CGi (Charge Gasoline Injection) technology is used by Mercedes to reduce fuel consumption and carbon emission but with the ability to produce high power as well.

Kasujja mentions that the principle of operation of all engines are the same irrespective of car brand, type, size or fuel type but the differences is the technologies brands out in their cars that make slight differences.

"About people becoming fanatics of particular systems say VVTi, they consider factors like fuel consumption, available spare parts, one that technicians know, types of engines are far from their knowledge. And the resale value too is important. Even if the engine is going to disturb them all the time," he notes.

Ford uses DuraTorq TDCi (Turbo Diesel Common rail injection) system in their engines that Aloysious Kawooya, says is also called High-speed engines. He says Ford vehicles have had that technology since 2011 claiming other car manufacturers started in 2015.

He says they are called High-speed engines because a vehicle needs a smaller engine to move a bigger body but with a lot of power unlike in the past when big vehicles needed big engines. Here you need a small engine, power it with a good turbo, engine intercooler and even the positioning of the intercooler matters.

He explains that the system uses exhaust gasses coming from the engine that are supposed to escape through the exhausts.

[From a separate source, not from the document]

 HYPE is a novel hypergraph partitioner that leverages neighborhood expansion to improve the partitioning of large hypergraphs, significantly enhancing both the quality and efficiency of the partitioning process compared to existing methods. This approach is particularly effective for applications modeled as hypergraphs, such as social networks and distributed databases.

The Turbo takes it back, mixes it at high pressure, pushes it through the intercooler which is supposed to cool the air because it is hot. The Turbo and intercooler work together and can't have one without the other.

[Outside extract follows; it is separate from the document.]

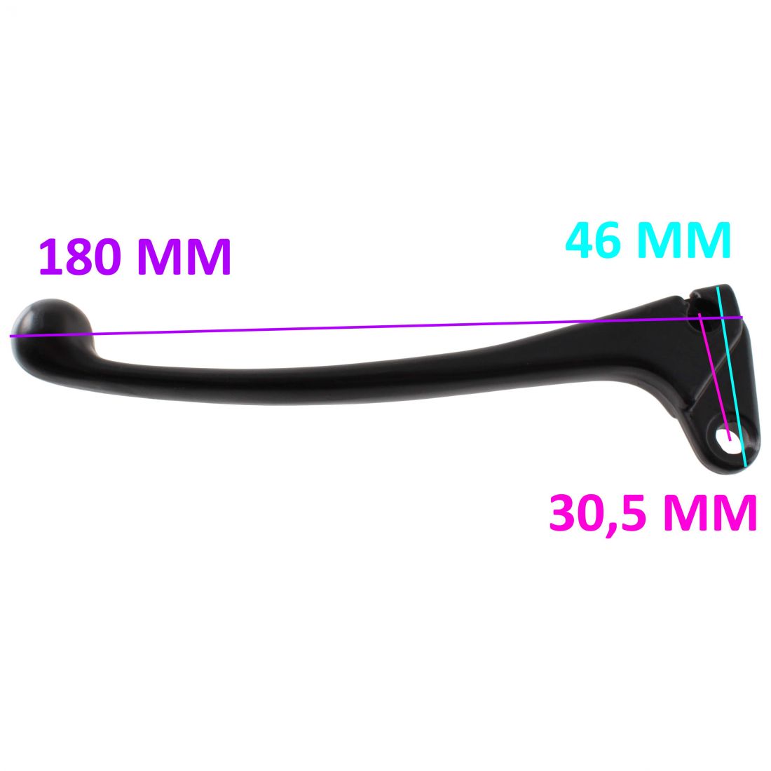 (R.12657) Vendo leva freno lato destro nuova per freno a tamburo (no freno a disco) per Cagiva in alluminio di colore nero , con leggeri segni di magazzinaggio , con interasse dei fori di 30,5 mm , lunghezza totale leva di 180 mm , per misure vedere foto

The turbo is supposed to make that air at a high speed so that goes into the combustion chamber.

On benefits, Kawooya says it gives enough power and less fuel consumption because it uses more of air and less of fuel but has the same power.

The Duratorq TDCi engine technology is found on a Mazda BT50 and a Ford Ranger. 

D-4D (Direct Injection 4 Cylinder Common Rail Diesel Engine). Diesel is injected as vapour into the engine at high pressure using the common rail. The benefits are lower emissions and better fuel efficiency. It is found in the Toyota Hilux.

Nissan uses the CVTCS (Continuous Valve Timing Control System) engine technology. It is used by Nissan to reduce emissions and fuel consumption and emission output while improving on engine performance.

CVT (Continuous Variable Transmission) is rather known for seamless automatic gear transmission. It is found on the new models of the Toyota RAV4

The bottom line is, car engine technologies are more similar than they are different. They have common objectives of cutting on emissions to save the environment, improve fuel efficiency while improving engine performance.